- [WHAT TO PRODUCE]: Write out only the lines from the top of the listing below through the one with "Imagina una ardilla", exactly as they stand, while keeping pictures out of the copy.

- [TASK DATA]:
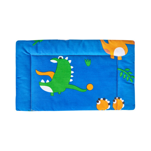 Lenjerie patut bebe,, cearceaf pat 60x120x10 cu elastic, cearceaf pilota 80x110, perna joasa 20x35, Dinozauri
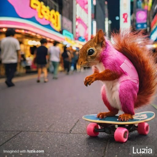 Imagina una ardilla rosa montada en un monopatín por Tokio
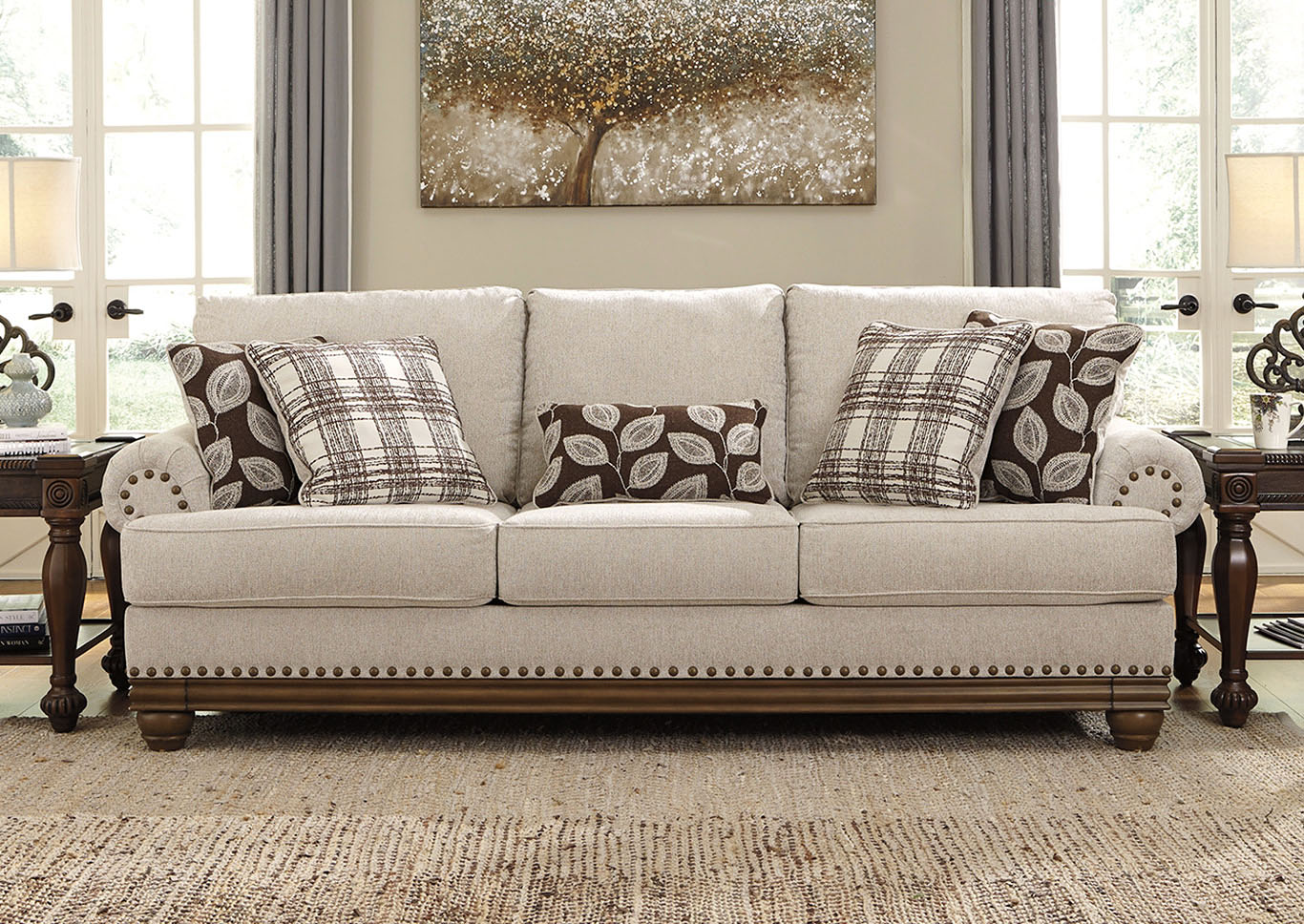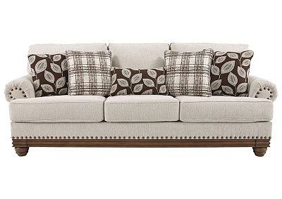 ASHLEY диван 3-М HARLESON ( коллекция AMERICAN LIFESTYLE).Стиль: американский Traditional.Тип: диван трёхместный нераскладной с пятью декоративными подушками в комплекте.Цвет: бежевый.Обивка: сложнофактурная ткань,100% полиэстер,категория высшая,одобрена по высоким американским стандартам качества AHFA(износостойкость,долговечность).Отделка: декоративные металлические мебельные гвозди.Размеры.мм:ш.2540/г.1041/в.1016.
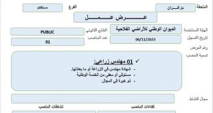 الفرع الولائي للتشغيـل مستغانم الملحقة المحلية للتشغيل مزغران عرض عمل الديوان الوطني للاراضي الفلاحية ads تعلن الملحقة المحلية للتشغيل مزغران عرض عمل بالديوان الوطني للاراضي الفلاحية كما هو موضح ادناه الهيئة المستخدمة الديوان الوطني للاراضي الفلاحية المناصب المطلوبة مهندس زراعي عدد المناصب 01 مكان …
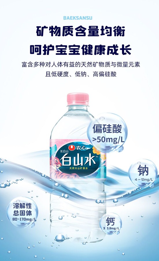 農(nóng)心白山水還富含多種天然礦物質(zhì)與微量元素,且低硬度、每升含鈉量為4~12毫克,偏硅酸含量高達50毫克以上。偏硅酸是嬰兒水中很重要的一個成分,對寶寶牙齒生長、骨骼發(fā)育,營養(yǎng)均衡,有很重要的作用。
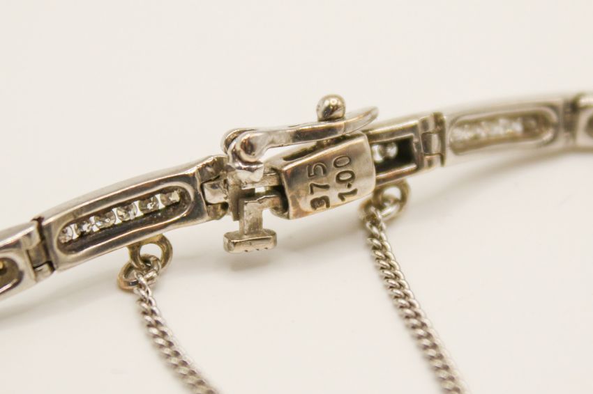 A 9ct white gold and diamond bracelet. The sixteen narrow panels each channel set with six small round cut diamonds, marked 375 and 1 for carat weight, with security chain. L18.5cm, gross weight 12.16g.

- [ANSWER TO THIS TASK]:
 Lenjerie patut bebe,, cearceaf pat 60x120x10 cu elastic, cearceaf pilota 80x110, perna joasa 20x35, Dinozauri
 Imagina una ardilla rosa montada en un monopatín por Tokio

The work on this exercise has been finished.